The hydrogen bond (HB) has been probably the most non-covalent interaction used in the design of anion receptors in the last two decades in which amides [5], ureas [6], pyrroles [7] or imidazole [8,9] among others have been uses as hydrogen donors as anion binding sites.

The use of the halogen bonding (XB) interaction as an alternative to the hydrogen bonding in the design of new anion receptors has emerged strongly in the last years. Halogen bonding is a noncovalent bonding interaction between halogen atoms that function as electrophilic centers (Lewis acids) and neutral or anionic Lewis bases [10]. Theoretical calculations indicate that the origin of this attraction arises from the positive electrostatic potential located at the terminus of the R–X axis (σ hole), thus resulting in a strongly linear geometry that maximizes the interface of opposite charges [11]. Although a number of solid state examples and theoretical studies revealed the potential of halogen bonding interactions for anion recognition, only very recently has it been exploited in solution phase. Practically all the halogen bonding receptors for anion described in the literature use halogen bonding binding sites solely to bind anions. Despite that the combination of two or more different non-covalent interactions in the same receptors is becoming an emerging strategy in the design of new anion receptors [12], only a few examples use the halogen bonding interaction in combination with others in the anion recognition process [13,14,15,16,17,18,19,20,21,22,23].
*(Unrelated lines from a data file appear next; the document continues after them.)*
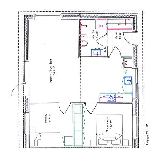 Velkommen til Gymnasiebakken – et nyt boligområde i Tørring. Gymnasiebakken tilbyder en række forskellige boliger fra 70 til 96 m². Der er 3 værelses på 70 og 82 m² og 4 værelses på 96 m². De er klar til indflytning fra den 1. august 2026. INDE: Rækkehuset her består af et lyst køkken/alrum og stue i ét med udgang til egen terrasse. Derudover er boligen udstyret med entre, et dejligt badeværelse, samt to soveværelser. Boligerne varmes op med fjernvarme. PARKERING: Hvert rækkehus har to p-pladser foran boligen og et skur på 7 m². Der er kla...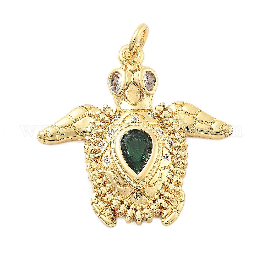 Латунные микро проложить кубического циркония подвески, без кадмия, без никеля и без свинца, прелести морской черепахи, со стеклом и прыжковым кольцом, реальный 18 k позолоченный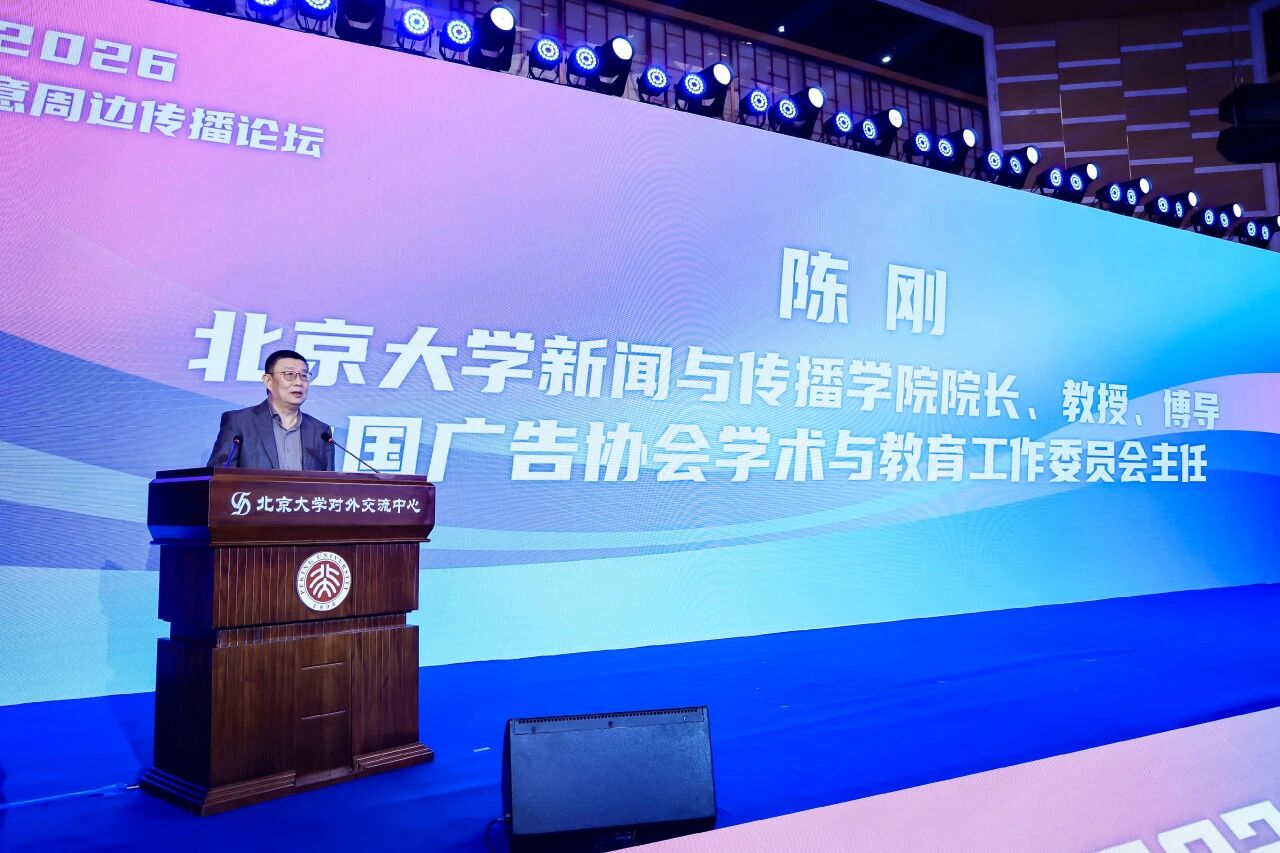 2026年4月15日,2026青年创意周边传播论坛在北京大学圆满举办。本次活动由北京大学周边传播研究中心、中国大学生广告艺术节学院奖组委会联合主办,贵州茅台酱香酒营销有限公司合作开展。活动现场,北京大学新闻与传播学院院长、教授、博导、中国广告协会学术与教育工作委员会主任陈刚,北京大学新闻与传播学院教授、博士生导师、北京大学周边传播研究中心主任陆地,贵州茅台酒股份有限公司党委副书记、工会主席游亚林,‌贵州茅台酱香酒营销有限公司党委副书记、总经理陈宗强,中国广告协会副会长、广告人文化集团董事长李文龙,中国产学研合作促进会创意与产业协同创新平台秘书长、创意星球董事长穆虹以及来自北京大学、中国人民大学、中国传媒大学、中央民族大学等高校的师生齐聚一堂,共话青年创意与周边传播的路径与方式。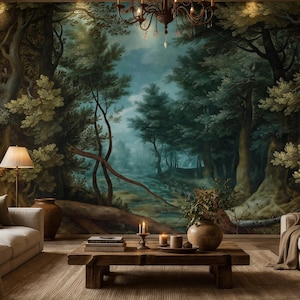 Transform your space into a luxurious and intellectual sanctuary with our stunning classical landscape wallpaper. This captivating mural features a soft, painterly scene of a serene river, lush green trees, and distant hills, reminiscent of 18th-century European landscape paintings. The rich, calming tones and artistic style create a sophisticated and artistic atmosphere, making it a perfect statement piece for a living room, study, or elegant dining area.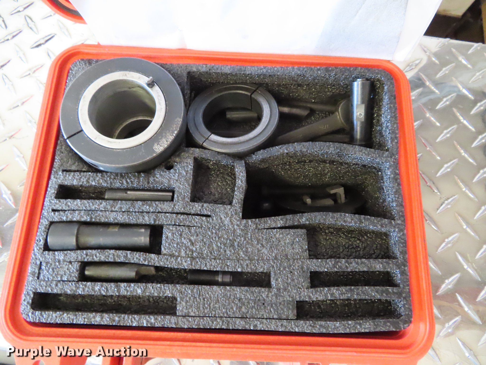 Purple Wave is selling a used Boring Mill in Kansas. This item is a Line bore equipment with the following: 1" to 8" diameter bore capacity, 110V reversible two speed motor, Setup cones and bearings, Automatic feed, 1/4", 3/8", and 1/2" square cutting bits, Tool bit adjustment tool, Complete inside bore measurement tool kit, 32"L x 1 3/4" bore bar, 48"L x 1 3/4" bore bar, 72"L x 1 3/4" bore bar, 72"L x 1 1/4" bore bar, 48"L x 1 1/4" bore bar, 48"L x 7/8" bore bar, Automatic bore welder, 1" to 10" bore weld capacity, Nozzles, Tips, Remote start, 1" to 12" micro meter set, Snap ring groove cut tool kit

Recently, we have reported the synthesis and the anion sensing properties of two-armed charge-assisted ditopic imidazolium and haloimidazolium bidentade receptors which recognize anions by hydrogen or halogen bonding interaction, respectively [24]. Taking into account the important differences found in the sensing behavior between these two receptors, we decided to perform the synthesis and study of a new charge-assisted bidentade receptor containing both halogen and hydrogen bonding sites by incorporation in its structure of one haloimidazolium, halogen bonding binding site, and one imidazolium, hydrogen bonding binding site, which could act through the cooperative and simultaneous action of halogen bonds and hydrogen bonds during the anion recognition event. The receptor also incorporates two end-caped photoactive anthracene rings as fluorescent signaling units into this host framework (Figure 1).

2. Results and Discussion

2.1. Synthesis

The novel bis-imidazolium receptor 5²⁺·2PF₆⁻ was prepared with a 31% overall yield by a stepwise procedure that involved the alkylation of 1-((anthracen-9-yl)methyl)-4,5-dimethyl-1H-imidazole 2 with 2,7-bis(bromomethyl)naphthalene 1, providing the intermediate 3⁺·Br⁻ (63% yield), which was reacted with 1-((anthracen-9-yl)methyl)-2-bromo-4,5-dimethyl-1H-imidazole 4, yielding the receptor as bromide salt in moderate yield (25%). Anion exchange with the corresponding hexafluorophosphate salt was achieved on addition of aqueous NH₄PF₆. The compounds 2 and 4 were synthesized by alkylation of 4,5-dimethyl-1H-imidazole [25] and 2-bromo-4,5-dimetil-1H-imidazol [26] with 9-(bromomethyl)anthracene, respectively (Scheme 1).

2.2. Anion Binding Studies

The binding and sensing ability of the receptor 5²⁺·2PF₆⁻ toward several anions (F⁻, Cl⁻, Br⁻, I⁻, SO₄²⁻, HSO₄⁻, PhCOO⁻, ClO₄⁻, HP₂O₇³⁻, AcO⁻, NO₃⁻ and H₂PO₄⁻) as tetrabutylammonium salts were investigated by spectroscopic measurements and ¹H-NMR spectroscopy.

The emission spectrum of the receptor 5²⁺·2PF₆⁻ (Φ = 0.036) in CH₃CN showed the characteristic anthracene monomeric bands at λ = 396, 418 and 442 nm, when excited at λ = 370 nm. The addition of the above-mentioned set of anions to a solution of the receptor 5²⁺·2PF₆⁻ in CH₃CN (c = 1 × 10⁻⁵ M) showed that Cl⁻, Br⁻, I⁻, HSO₄⁻, PhCOO⁻, ClO₄⁻ and NO₃⁻ anions had no effect on the emission spectrum, whereas the addition of F⁻, HP₂O₇³⁻, SO₄²⁻, AcO⁻ and H₂PO₄⁻ anions promoted significant changes in the emission spectrum of receptor 5²⁺·2PF₆⁻. These changes were strongly dependent on the anion added and different responses have been observed (Figure 2).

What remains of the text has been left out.